Georgia readies its troops after raids in separatist province
Posted: 09 July 2004 0235 hrs
VANATI, Georgia : Georgia poised its troops to move into the province of South Ossetia after an armed raid at a village enflamed tensions between Tbilisi and its separatist region to a point not seen in years.
President Mikhail Saakashvili rushed back from a state visit to Iran to take charge of the situation after a group of separatists disarmed a unit of Georgian peacekeepers at gunpoint.
It was the latest in a string of clashes that has raised fears that South Ossetia could erupt into armed conflict in the volatile region and Georgian officials said they had held talks on the crisis with top European and US officials.
The tiny mountainous northern province, on the border with Russia, is the scene of a tense three-way standoff between Georgia, South Ossetia's self-proclaimed breakaway regime and Russian peacekeepers who many in Georgia suspect of siding with the separatists.
Early Thursday, armed men entered the South Ossetian village of Vanati -- east of the capital Tskhinvali and populated by ethnic Georgians -- and disarmed a group of 30 to 40 Georgian members of a peacekeeping force stationed there.
Georgian Prime Minister Zurab Zhvania described the raid on Vanati as "an unprecedented insolent provocation implemented personally by (Ossetian separatist leader Eduard) Kokoity."

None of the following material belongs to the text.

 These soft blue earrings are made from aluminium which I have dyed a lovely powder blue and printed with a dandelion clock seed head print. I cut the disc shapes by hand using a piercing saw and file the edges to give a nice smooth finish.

"We are still hoping for a peaceful resolution of the conflict," Zhvania told reporters late Thursday after meeting with power ministries. But "we have plenty of strength to defend our people and have the ability to stop the Ossetian side's aggression and provocations."

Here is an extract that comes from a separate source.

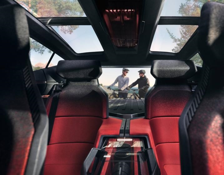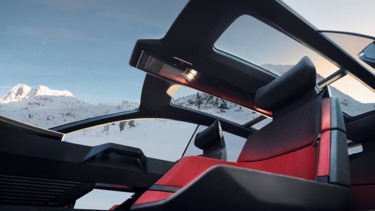 内饰部分,我们从奥迪公布的图片中可以了解到,新车采用了红+黑的座舱配色,和另外几款概念车的设计风格类似,内部均为极简范儿。车辆内部采用的是四座布局,并且车门为对开设计,中间扶手下方为储物格以及兼具冷藏、加热功能的车内酒吧。

South Ossetia's self-declared government defended the raid and vowed more, saying the detained men were troublemakers masquerading as members of the joint Russian, Georgian and Ossetian peacekeeping force.

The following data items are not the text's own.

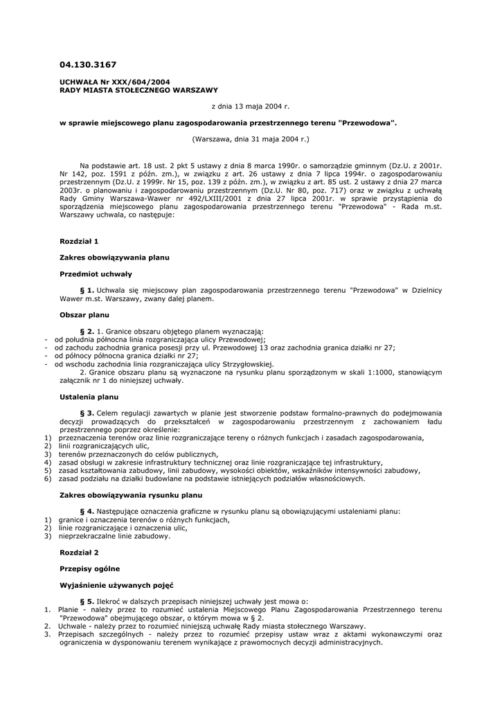 UCHWAŁA Nr XXX/604/2004 RADY MIASTA STOŁECZNEGO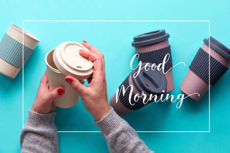 Assorted bamboo travel reusable coffee or tea cups or mags. Text Good morning in frame. Hands open silicon lid. Eco friendly zero waste solution for low impact sustainable lifestyle.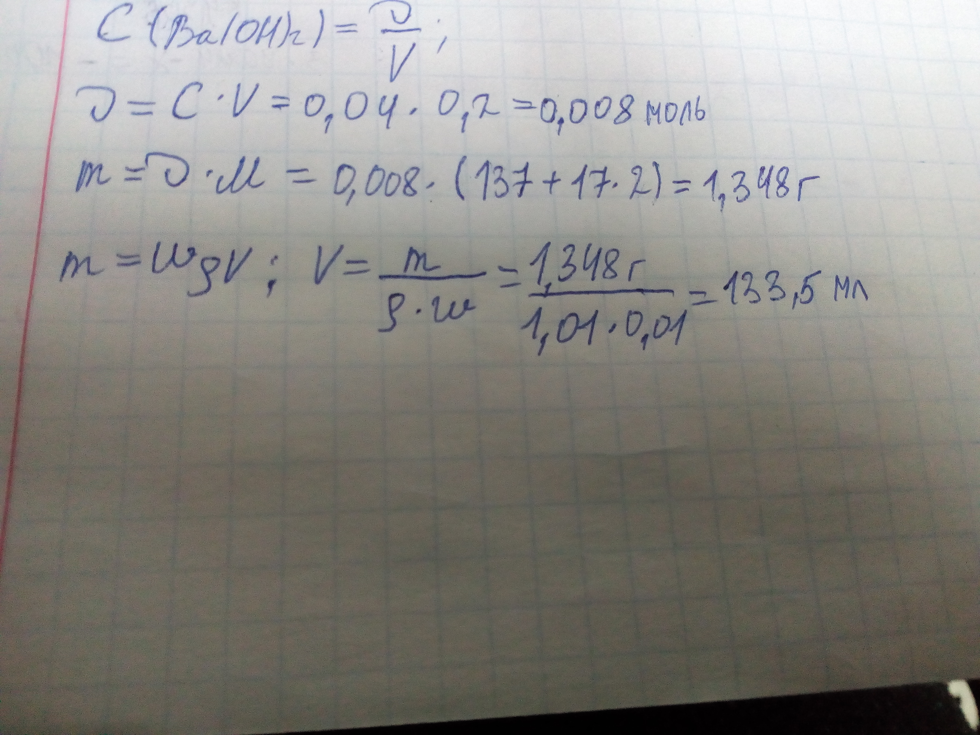 V(p-pa Ba(OH)₂) = m/ρ = 136,8 г./1,01 г/мл = 135,45 мл.

"We are on the edge of widescale military action," RIA Novosti reported Ossetia's chief Eduard Kokoity as saying.
"A series of these actions will be held throughout South Ossetia to clean the republic of these bands that call themselves part of the interior ministry or defense ministry," Ossetia's interior minister Robert Guliyev vowed in televised comments.
Television images showed the group of several dozen men in blue shirts being forced to their knees with hands behind their heads in order for television crews to film them in South Ossetia's main city Tskhinvali.
Georgia said Russia -- which has become an effective protector of the rebel province -- was partly responsible for the escalation.
"We place responsibility not only on the criminal government of South Ossetia but also on the country that took upon itself... the peacekeeping mission in the region," Zhvania said.
"We are waiting for concrete results," he said, adding that he had discussed the situation with US Secretary of State Colin Powell and Organization for Security and Cooperation in Europe's chief Solomon Passy.
"Washington expressed its absolute support for Georgia's position" in the conflict, he said. "The US administration intends to join the talks with the Russian administration on this issue."
Moscow, the region's traditional power broker that is vying to keep its influence from slipping away to the US, called for calm.
"Moscow calls on the sides to show maximum restraint not to allow actions... that could make the situation more difficult," Alexander Yakovenko, Russian foreign ministry spokesman, said in televised comments.
Late Thursday, armed Ossetians were still blocking Vanati, where a crowd of armed men had gathered and periodic shots were heard.
"We want the army to come and defend us," said Nudzar, a resident.
South Ossetia declared independence from Tbilisi after it fought a short civil war with Russian support in the early 1990s.
President Saakashvili, a 36-year-old reformer, has vowed to bring South Ossetia back into the national fold, a move resisted by the separatist region's chief and watched warily by Russia.